Re: [PATCH 1/2] arm64: errata: Work around AmpereOne's erratum AC03_CPU_36
From: D Scott Phillips
Date: Tue Apr 15 2025 - 14:17:39 EST
Oliver Upton <oliver.upton@xxxxxxxxx> writes:
> On Tue, Apr 15, 2025 at 10:30:36AM -0700, D Scott Phillips wrote:
>> Oliver Upton <oliver.upton@xxxxxxxxx> writes:
>> > On Tue, Apr 15, 2025 at 08:47:10AM -0700, D Scott Phillips wrote:
>> >> AC03_CPU_36 can cause asynchronous exceptions to be routed to the wrong
>> >> exception level if an async exception coincides with an update to the
>> >> controls for the target exception level in HCR_EL2. On affected
>> >> machines, always do writes to HCR_EL2 with async exceptions blocked.
>> >>
>> >> Signed-off-by: D Scott Phillips <scott@xxxxxxxxxxxxxxxxxxxxxx>
>> >> ---
>> >> arch/arm64/Kconfig | 17 +++++++++++++++++
>> >> arch/arm64/include/asm/sysreg.h | 18 ++++++++++++++++--
>> >> arch/arm64/kernel/cpu_errata.c | 14 ++++++++++++++
>> >> arch/arm64/tools/cpucaps | 1 +
>> >> 4 files changed, 48 insertions(+), 2 deletions(-)
>> >>
>> >> diff --git a/arch/arm64/Kconfig b/arch/arm64/Kconfig
>> >> index a182295e6f08b..e5fd87446a3b8 100644
>> >> --- a/arch/arm64/Kconfig
>> >> +++ b/arch/arm64/Kconfig
>> >> @@ -445,6 +445,23 @@ menu "Kernel Features"
>> >>
>> >> menu "ARM errata workarounds via the alternatives framework"
>> >>
>> >> +config AMPERE_ERRATUM_AC03_CPU_36
>> >> + bool "AmpereOne: AC03_CPU_36: CPU can take an invalid exception, if an asynchronous exception to EL2 occurs while EL2 software is changing the EL2 exception controls."
>> >> + default y
>> >> + help
>> >> + This option adds an alternative code sequence to work around Ampere
>> >> + errata AC03_CPU_36 on AmpereOne.
>> >> +
>> >> + If an async exception happens at the same time as an update to the
>> >> + controls for the target EL for async exceptions, an exception can be
>> >> + delivered to the wrong EL. For example, an EL may be routed from EL2
>> >> + to EL1.
>> >> +
>> >> + The workaround masks all asynchronous exception types when writing
>> >> + to HCR_EL2.
>> >> +
>> >> + If unsure, say Y.
>> >> +
>> >> config AMPERE_ERRATUM_AC03_CPU_38
>> >> bool "AmpereOne: AC03_CPU_38: Certain bits in the Virtualization Translation Control Register and Translation Control Registers do not follow RES0 semantics"
>> >> default y
>> >> diff --git a/arch/arm64/include/asm/sysreg.h b/arch/arm64/include/asm/sysreg.h
>> >> index 2639d3633073d..e7781f7e7f7a7 100644
>> >> --- a/arch/arm64/include/asm/sysreg.h
>> >> +++ b/arch/arm64/include/asm/sysreg.h
>> >> @@ -1136,14 +1136,28 @@
>> >> __val; \
>> >> })
>> >>
>> >> +#define __sysreg_is_hcr_el2(r) \
>> >> + (__builtin_strcmp("hcr_el2", __stringify(r)) == 0)
>> >
>> > This looks fragile. What about:
>> >
>> > write_sysreg(hcr, HCR_EL2);
>> >
>> > or:
>> >
>> > write_sysreg_s(hcr, SYS_HCR_EL2);
>>
>> I had also thought about changing the users of write_sysreg(..hcr_el2)

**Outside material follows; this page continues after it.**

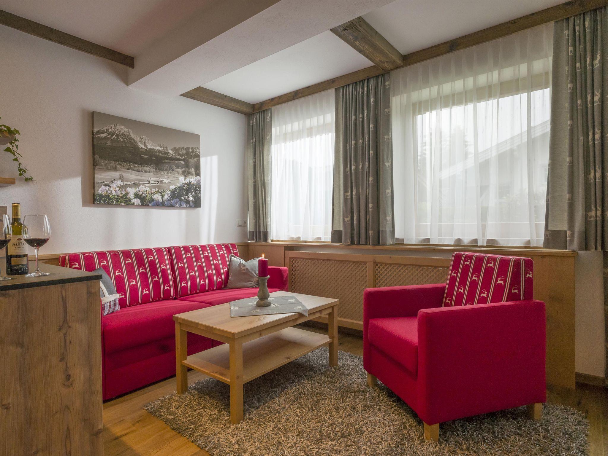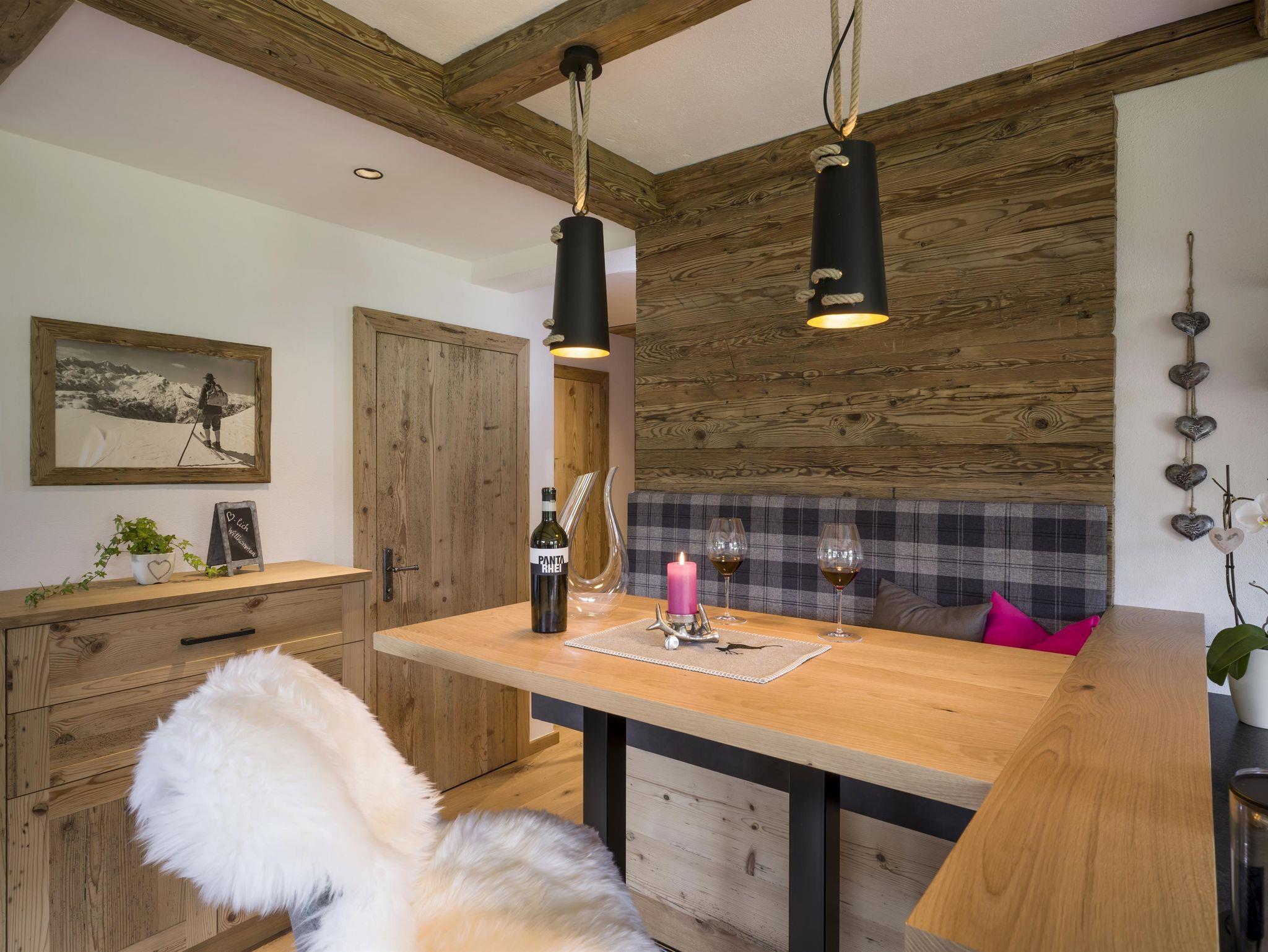 Ihr Luxus-Appartement am Wilden Kaiser. Stilvoll, elegant und charmant präsentiert sich „die Auszeit“ als ihr Urlaubsparadies in Ellmau. Mit viel Altholz und warmen Farbtönen gestaltete Stilelemente beeindrucken Sie im Appartement täglich neu. Das Boxspringbett sorgt für eine wohltuende Nacht, das großzügige Wohnzimmer für den Genuss am Tag. Die Küche ist mit Premium-Markengeräten ausgestattet, zudem sind Geschirrspüler, Mikrowelle, Backofen und ein Kühlschrank mit Gefrierfach bei uns Standard. Eine Nespresso-Maschine steht Ihnen gerne zur Verfügung. Ab einer Woche Aufenthalt bekommen Sie 10 Kapseln zum Genießen und Wohlfühlen dazu. Im neuen Bad mit Fußbodenheizung, sämtlichem Komfort und warmem Altholz wurde eine barrierefreie Dusche installiert. Die Terrasse lädt zu komfortablen Stunden in der Sonne ein - die Liegestühle und Sitzmöglichkeiten sind selbstverständlich für Sie da.

>> to some new function write_hcr_el2() or something, but I guess that
>> would have the same fragility. Any suggestions on a better way? Trying
>> harder with the string stuff, or do something totally else?
>
> I think the least bad approach would be to convert to HCR-specific
> accessors. It's the most likely to encourage folks to respect the errata
> mitigation + keeps the ugliness out of unrelated common helpers.
OK, will do